When will the 14 peptides become legal again?
RFK Jr. indicated the reclassification would happen "within weeks" of his February 27, 2026 announcement. As of March 2026, the formal FDA reclassification has not been published. Five of the peptides (AOD-9604, CJC-1295, Ipamorelin, Thymosin Alpha-1, Selank) were already removed from Category 2 in September 2024 and are under PCAC review.
Does the peptide reclassification affect retatrutide?

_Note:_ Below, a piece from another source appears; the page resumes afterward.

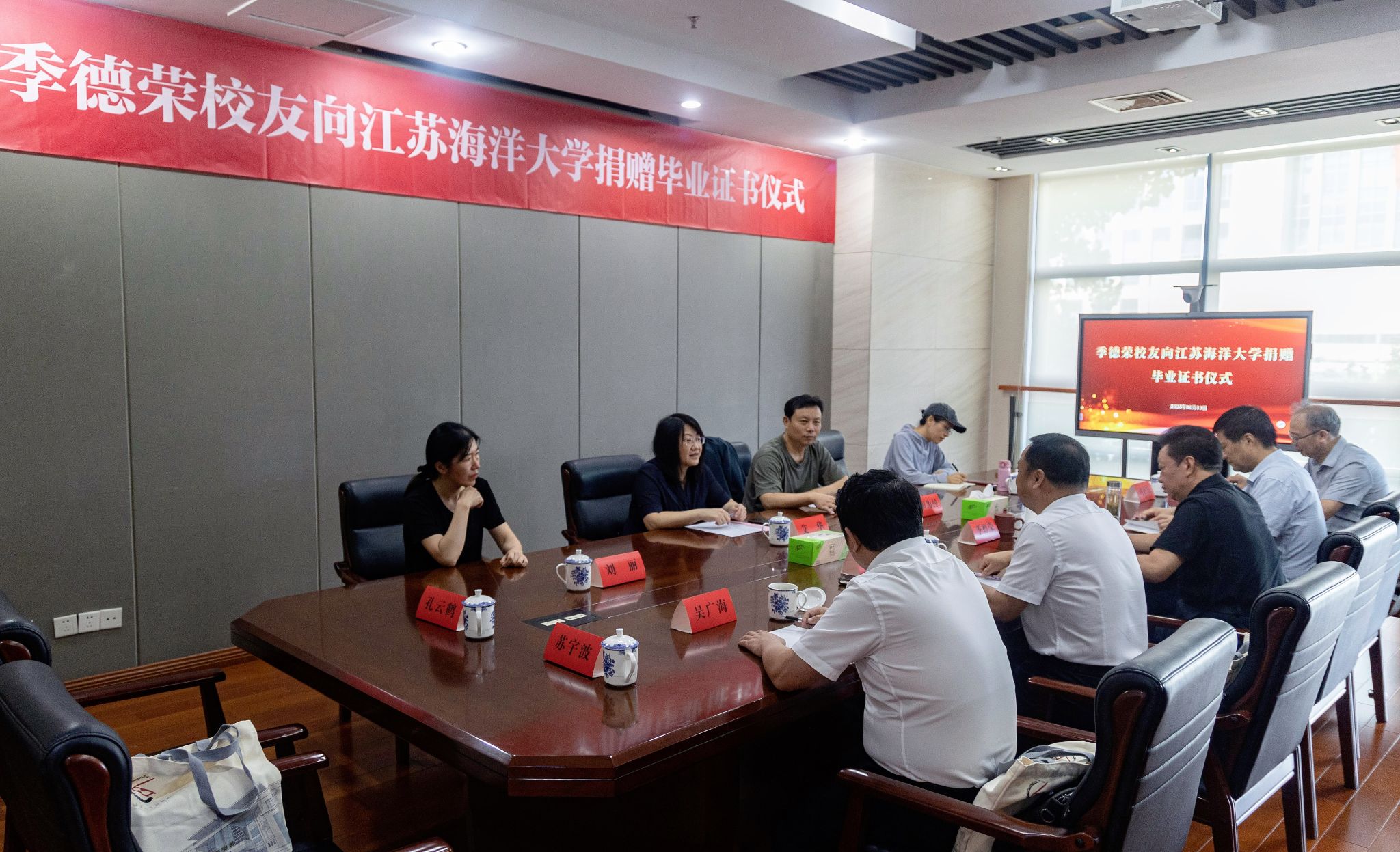 桂月怀恩,金风传脉。10月11日上午,在盐城市图书馆会议室,我校图书馆(综合档案馆)与盐城校友会、盐城市图书馆联合举办了一场特殊的捐赠仪式——78级校友季德荣将其珍藏四十五载的毕业证书郑重捐赠给母校。我校图书馆党总支书记、馆长艾华与综合档案馆馆长田为付共同代表学校接受捐赠。盐城校友会会长刘如山、轮值会长吴广海、司正庆和优秀校友江志栋等,以及盐城市图书馆与我校的相关工作人员参加仪式。捐赠仪式由刘如山主持。

No. Retatrutide is an investigational new drug in Phase 3 clinical trials. It is not on the Category 2 list and is not affected by the reclassification. It cannot be compounded, purchased, or prescribed outside of an FDA-authorized clinical trial regardless of the reclassification outcome. See Retatrutide Cost & How to Get It.
Is BPC-157 legal now?
Not yet. BPC-157 remains on the FDA's Category 2 list as of March 2026. It is expected to be among the 14 peptides reclassified to Category 1 under the RFK announcement, but the formal reclassification has not been published. Until it is, compounding pharmacies cannot legally prepare BPC-157.
Can compounding pharmacies make semaglutide or tirzepatide?
Not under current rules. The FDA declared the semaglutide shortage resolved in February 2025, ending the legal basis for compounding. Compounding pharmacies were given until April-May 2025 to wind down. Tirzepatide compounding has been similarly restricted. Unless a new shortage is declared, these drugs cannot be compounded.
What is the difference between FDA-approved and Category 1?
FDA-approved drugs (like Wegovy) have completed Phase 1, 2, and 3 clinical trials proving safety and efficacy, and received formal FDA marketing authorization. Category 1 substances (like the reclassified peptides) are merely permitted to be compounded by pharmacies — they have not been proven safe or effective through clinical trials, are not standardized, and are not covered by insurance.
Are research peptides safe to inject?
Research peptides sold as "for research use only" are not manufactured under pharmaceutical-grade conditions and are not regulated by the FDA. Purity, potency, and sterility can vary significantly between vendors. Contamination with bacterial endotoxins, incorrect dosing, and mislabeled substances are documented risks. If you are considering peptide therapy, work with a licensed healthcare provider who sources from a licensed compounding pharmacy.
Sources
- Gizmodo. (2026). RFK Jr. Tells Joe Rogan He's About to Unleash 14 Banned Peptides. gizmodo.com.
- FDA. Certain Bulk Drug Substances for Use in Compounding May Present Significant Safety Risks. fda.gov.
- Reed Smith LLP. (2024). FDA removes certain peptide bulk drug substances from Category 2. Lexology.
- DJ Holt Law. (2026). Regulatory Alert: The Legal Status of BPC-157. djholtlaw.com.
- FierceHealthcare. (2025). FDA declares semaglutide shortage over. fiercehealthcare.com.
- Health Law Alliance. (2026). FDA Targets GLP-1 and Peptide Compounding. healthlawalliance.com.
Medical Disclaimer
The content on glp3.wiki is for informational purposes only and does not constitute medical or legal advice. Regulatory information is current as of March 2026 and is subject to change as the FDA formalizes the announced reclassification.
Do not use this information to make decisions about your health without consulting a qualified healthcare provider. If you are considering peptide therapy, discuss the risks and evidence with your doctor.
This site is not affiliated with the FDA, HHS, Eli Lilly, Novo Nordisk, or any pharmaceutical manufacturer or compounding pharmacy.